You can solve this with regular expressions!
mystring = "hello"
yourstring = "bad & string"
validRegEx = /^[^\\\/&]*$/
alert(mystring.match(validRegEx))
alert(yourstring.match(validRegEx))
matching against the regex returns the string if it is ok, or null if its invalid!
Explanation:
JavaScript RegEx Literals are delimited like strings, but with slashes (/'s) instead of quotes ("'s).
The first and last characters of the validRegEx cause it to match against the whole string, instead of just part, the carat anchors it to the beginning, and the dollar sign to the end.

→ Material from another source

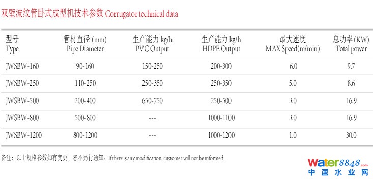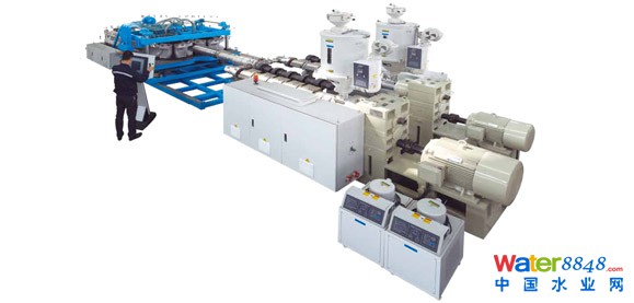 性能和優(yōu)點(diǎn):HDPE/PP/PVC 雙壁波紋管應(yīng)用廣泛。本公司自主研發(fā)的HDPE 雙壁波紋管生產(chǎn)線,擁有多項(xiàng)專利技術(shù)。自動(dòng)化程度高,運(yùn)行穩(wěn)定,產(chǎn)量高。HDPE/PP 采用新型高效單螺桿擠出機(jī),PVC 采用大型平雙或錐雙擠出機(jī),擠出量大。成形機(jī)采用臥式結(jié)構(gòu),梭式傳動(dòng),密封水冷結(jié)構(gòu),真空成型,可實(shí)現(xiàn)在線雙層擴(kuò)口。整線采用電腦人機(jī)界面控制,具有很高的自控性。

The part between the brackets ([ and ]) are a character class, which matches any character so long as it's in the class. The first character inside that, a carat, means that the class is negated, to match the characters not mentioned in the character class. If it had been omited, the class would match the characters it specifies.
The next two sequences, \\ and \/ are backslash escaped because the backslash by itself would be an escape sequence for something else, and the forward slash would confuse the parser into thinking that it had reached the end of the regex, (exactly similar to escaping quotes in strings).

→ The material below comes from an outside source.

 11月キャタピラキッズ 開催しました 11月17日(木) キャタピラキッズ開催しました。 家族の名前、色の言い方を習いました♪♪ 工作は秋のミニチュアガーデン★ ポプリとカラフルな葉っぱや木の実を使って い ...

The ampersand (&) has no special meaning and is unescaped.
The remaining character, the kleene star, (*) means that whatever preceeded it should be matched zero or more times, so that the character class will eat as many characters that are not forward or backward slashes or ampersands, including none if it cant find any. If you wanted to make sure the matched string was non-empty, you can replace it with a plus (+).
I would use regular expressions.
See this guide from Mozillla.org. This article does also give a good introduction to regular expressions in JavaScript.
Here is a good article on Javascript validation. Remember you will need to validate on the server side too. Javascript validation can easily be circumvented, so it should never be used for security reasons such as preventing SQL Injection or XSS attacks.
You could learn regular expressions, or (probably simpler if you only check for one character at a time) you could have a list of characters and then some kind of sanitize function to remove each one from the string.
var myString = "An /invalid &string;";
var charList = ['/', '\\', '&', ';']; // etc...
function sanitize(input, list) {
for (char in list) {
input = input.replace(char, '');
}
return input
}
So then:
sanitize(myString, charList) // returns "An invalid string"
You can use the test method, with regular expressions:
function validString(input){
return !(/[\\/&;]/.test(input));
}
validString('test;') //false
You can use regex. For example if your string matches:
[\\/&;]+
then it is not valid. Look at:
http://www.regular-expressions.info/javascriptexample.html
You could probably use a regular expression.
As the others have answered you can solve this with regexp but remember to also check the value server-side. There is no guarantee that the user has JavaScript activated. Never trust user input!